Later, in a two-year span between 1894 and 1896, individuals linked with anarchist causes killed the president of France, the prime minister of Spain and the empress of Austria-Hungary.
Terrorism has even transcended race, religion and politics to embrace issues of gender. Adopting a slogan of “Action Not Words,” the Women's Social and Political Union (WSPU) sowed chaos in Great Britain between 1912 and 1917, severing telephone lines, spitting at police and politicians and bombing private houses and public property. In 1912 one member threw a hatchet at Herbert Henry Asquith, the British prime minister.
It’s been observed that the very definition of terrorism is controversial, as perpetrators rarely identify themselves as “terrorists.” Many instigators clearly view themselves are aligned against real or perceived persecution and injustice.

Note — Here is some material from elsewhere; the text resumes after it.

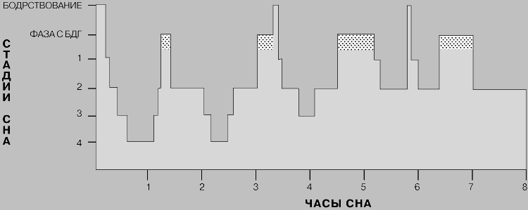 ЦИКЛ СНА У ЗДОРОВОГО МОЛОДОГО ЧЕЛОВЕКА. Как только молодой человек засыпает, появляется начальная 1-я стадия, за которой следуют 2-я, 3-я и 4-я стадии. Затем идет обратный переход от 4-й стадии к 3-й и 2-й, после которых следует фаза с БДГ (область, помеченная точками). По окончании фазы с БДГ вновь появляется 2-я стадия, после которой следуют 3-я, 4-я, 3-я и 2-я стадии и вновь фаза с БДГ. Этот цикл с определенными вариациями повторяется в течение всей ночи. В первые 70 мин сна преобладают 3-я и 4-я стадии (глубокий сон). Первая фаза с БДГ кратковременна, в последующем продолжительность периодов с БДГ, повторяющихся в среднем каждые 90 мин, постепенно увеличивается. Чем ближе к концу ночи, тем меньше времени занимают 3-я и 4-я стадии и больше – фаза с БДГ и 2-я стадия.
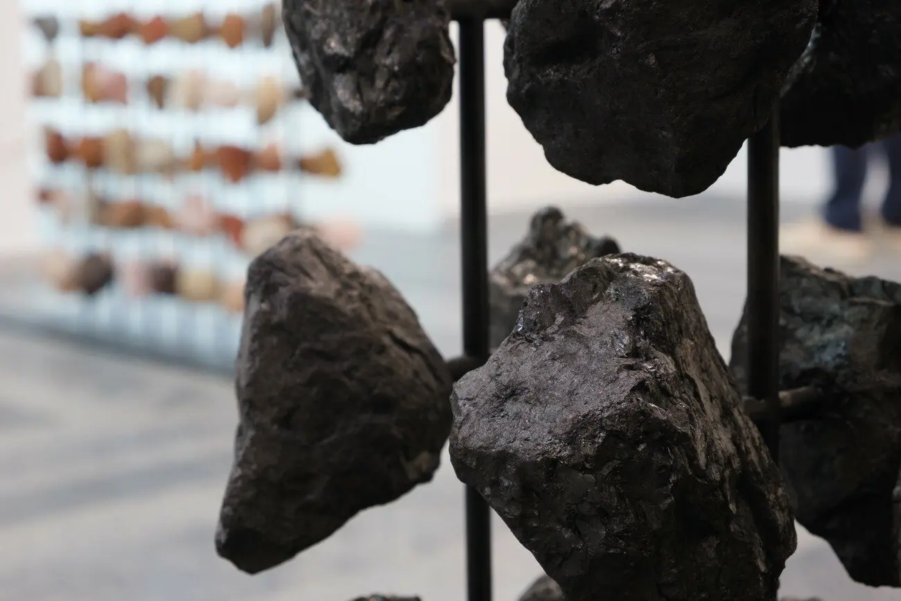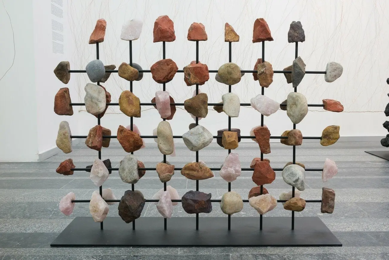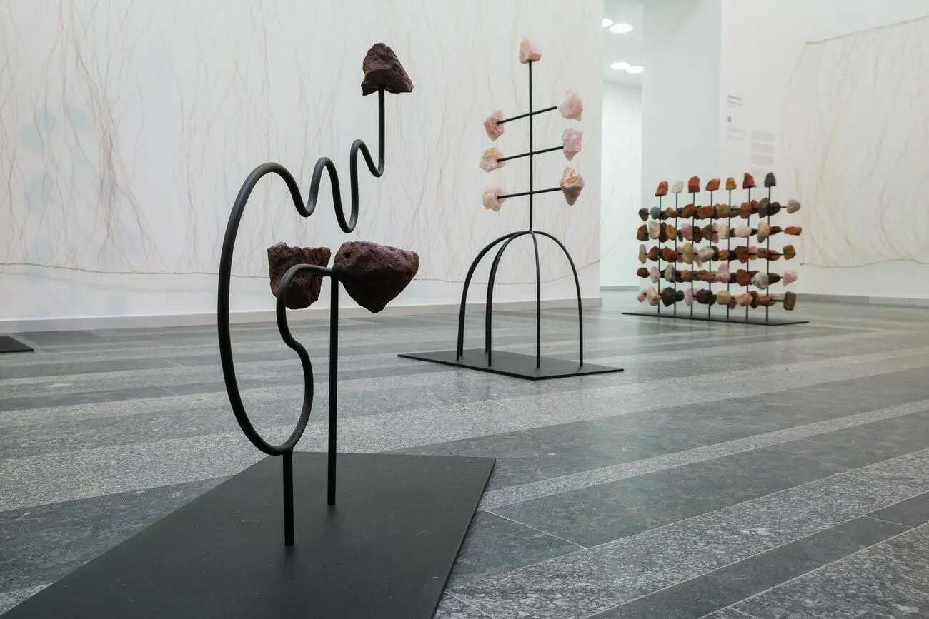 /xabi, 2021 Каміння з плато Hoerikwaggo, річкове каміння, залізна руда, яшма, вугілля, рожевий кварц, м’яка сталь, вуглецева сталь з мідним покриттям, шпагат з конопель, звук. Надано художницею

Yet be they politically, ideologically or religiously motivated, the one aspect bonding these acts together is intolerance, be it towards another person, group or idea. The absence of patience, empathy, understanding and identification with our fellow human brothers and sisters is at the root of violence playing out across the world, across generations.
Humankind has yet to identify a panacea that would banish such conflict to our collective memory. Perhaps one does not exist, and we are doomed to continue such self-destructive acts. But if any method does exist to cultivate the understanding whose absence allows such occurrences, travel is certainly a key element. Travel’s impact on intolerance could not be better explained by the man I like to think of as the foremost American travel writer, Mark Twain.
In “Roughing It,” his 1870 account of his journeys across the United States from the Midwest to Hawaii, Twain wrote, “Travel is fatal to prejudice, bigotry, and narrow-mindedness, and many of our people need it sorely on these accounts. Broad, wholesome, charitable views of men and things cannot be acquired by vegetating in one little corner of the earth all one's lifetime.”